A piercing shriek split the
night ahead of him. Spike’s eyes flared yellow and an anticipatory growl
ripped itself from his throat. The moon was sinking behind the trees now,
but his eyes could pierce the blackness of a coal mine as readily as the
brightest of noons, and there was nothing between him and the hulking figure
ahead but time and distance, and he was rapidly closing both. He inhaled
sharply--
Not Dawn.
He checked himself in
mid-leap, twisting aside and landing crouched catlike in front of Ramon, who had
Lisa tucked securely under one meaty arm. She saw him loom up out of the
night and whimpered, clawing uselessly at the hand over her mouth, her eyes
liquid with terror.
He
could hear the retreating footsteps of the others ahead of them; by the looks of
it, Lisa hadn’t had a chance to cry out. For a second he seriously
considered leaving her behind; he’d have gladly shocked his brain to jelly for
Dawn’s sake, but Lisa was no one in particular to him, and he’d had enough, the
last few days, of helping the helpless and having said helpless promptly turn
around and apply boot leather to his arse. Buffy might get off on the
whole sacred duty thing, but he didn’t, and if he took off now none of them
would ever know...
...until
Dawn asked what had become of Lisa, and he couldn’t lie to her or her bleeding
sister for sod all. Bloody hell.
The whole internal debate
had taken place in the space of one of his nonexistent heartbeats. Spike
dropped his coat and the axe and sprang hard and fast from his crouch, tackling
Ramon low around the knees, using Lisa’s weight along with his own--none of the
crazies seemed to have any real skill at brawling; it was only their numbers and
the fact that he couldn’t hit back which made them dangerous. He grunted
as another shock hit him--after all this time you’d think he’d get used to them,
but no such luck; maybe a human’s pain centers would have burned out by now, but
hip hooray for vampire healing abilities; his was in perfect working
order. Ramon went down this time, skidding through the dead leaves and
letting go of Lisa as he fell. Spike rolled off the larger man, swearing
steadily, and staggered to his feet. Christ, but his head hurt.

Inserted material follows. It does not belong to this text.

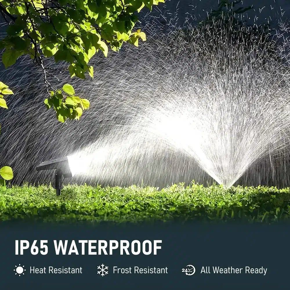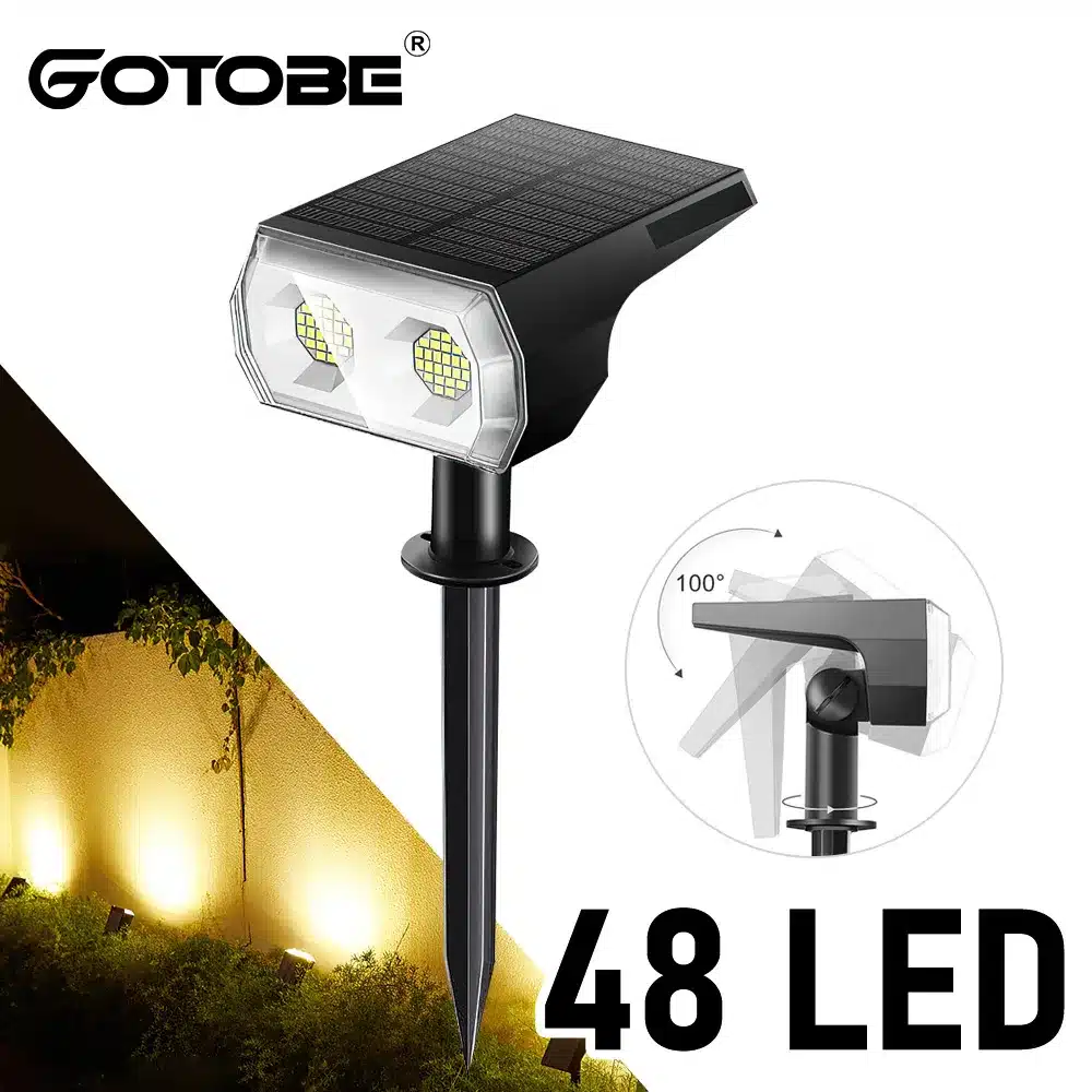 - Advanced Solar Spotlights: Outfitted with 48 high-powered LEDs and a specialised reflective system, alongside a 60° beam angle, these garden spotlights outshine other solar options on the market with their brightness and focused light projection.

Lisa, still huddled on the
damp ground where she’d fallen, stared up at him, trembling. Fuck, he was
still all fangy; the chit was going to wet herself. Spike shifted back,
reached down and grabbed her wrist and pulled her to her feet. Lisa looked
from him down to the fallen Ramon, who was wheezing and trying to get the air
back into his lungs, and back to Spike.
And grabbed him round with
waist with an incoherent sob, and hugged him, hard, before Spike had time to
feel anything except shock.
His hands hovered over her shoulders, uncertain. He didn’t touch.

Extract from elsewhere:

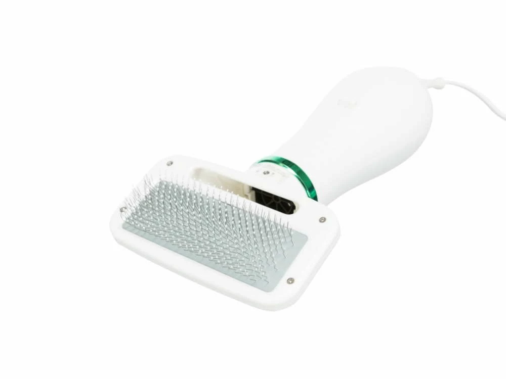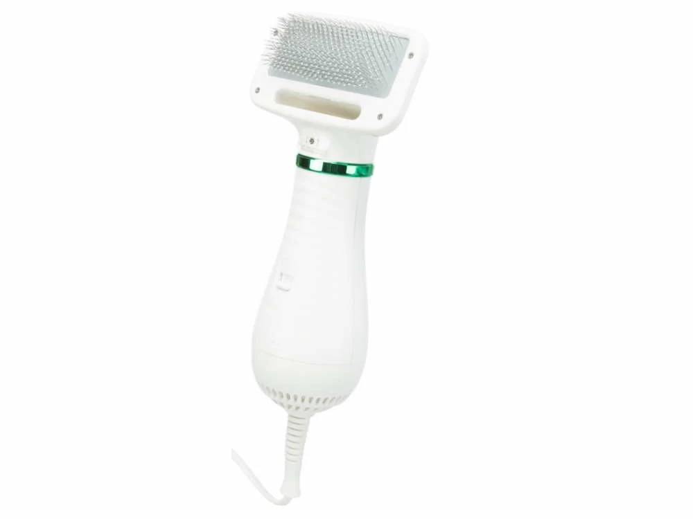 Die Warmluftbürste für Hunde bietet 2 Funktionen in einem Gerät: Du kannst deinen Hund gleichzeitig kämmen und stylen. Der austauschbare Bürstenkopf mit Kunststoffborsten und Noppen wird von einem geräuscharmen Motor angetrieben und verfügt über 2 Wärmestufen – einen sanften, warmen Luftstrom und einen starken, heißen Luftstrom.

Not humans. Not anyone. Not anymore, not outside a fight. Not
that he didn’t want to. He’d always been a tactile person. But why
torture himself by sidling up to all that lovely, warm, forbidden flesh?
Dawn, yes. He’d gotten accustomed to Dawn’s presence and her complete
comfort in his, and the awkward, brotherly hugs and pats on the shoulder between
them had been a large part of keeping him sane over the long summer--and maybe
her too. But this--Lisa was anything but comfortable; the scent of her
terror combined with the pounding of her pulse made his fangs ache to extend.

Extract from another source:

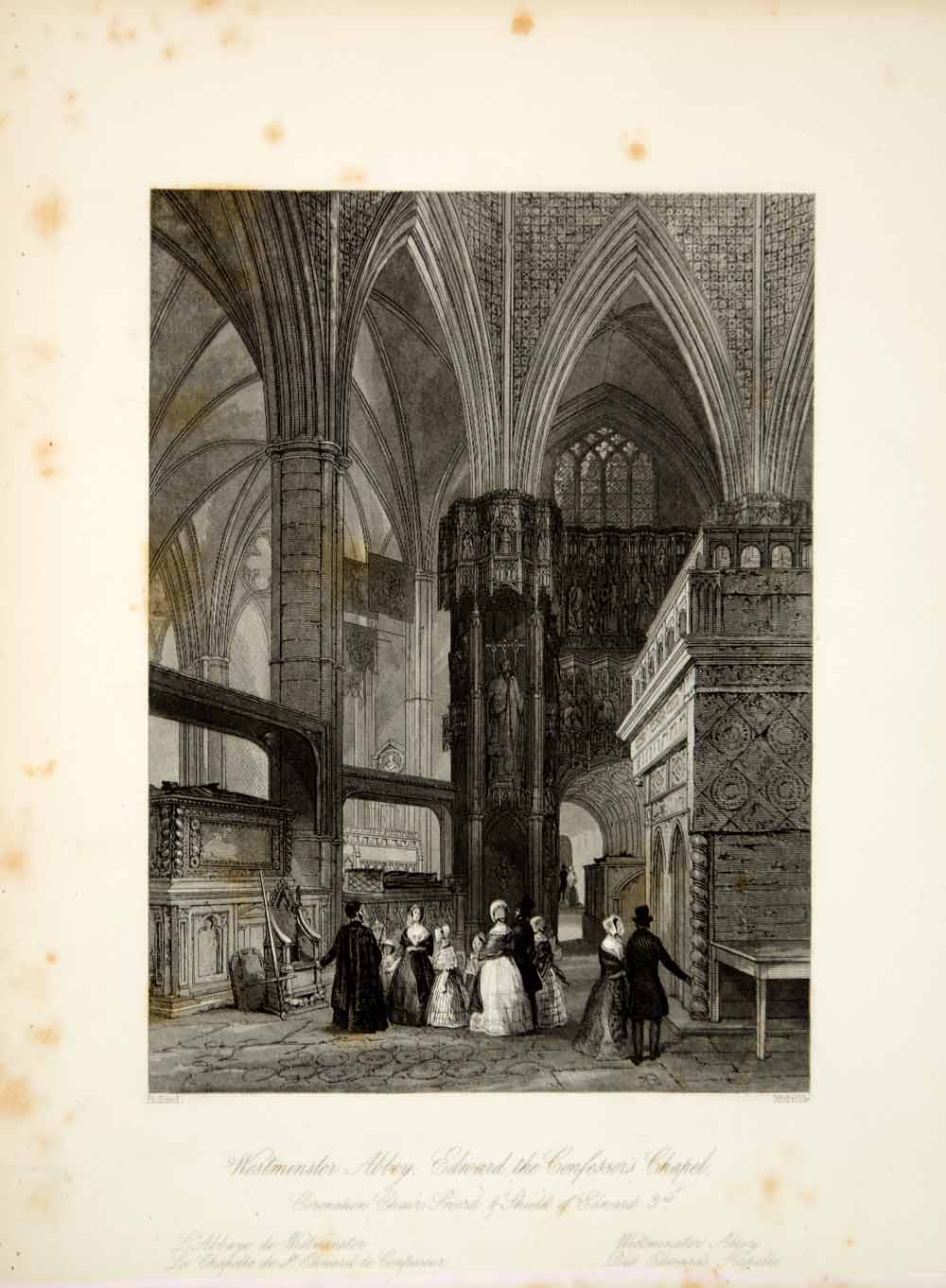 1845 Steel Engraving J Holland Westminster Abbey Edward Confessors Chapel XGHD9

“Thank you,” she whispered,
and released him.
Spike
stared down at her for a long moment, drawing the back of his hand across his
mouth, as if to wipe away some invisible stain. He stalked over and
snatched up his much-abused duster once more, picked up the axe, and thrust it
at her handle first. “Here, make yourself useful and carry this.
Let’s go.” Without sparing Lisa a further glance, he took off towards his
car, not bothering to see if she followed.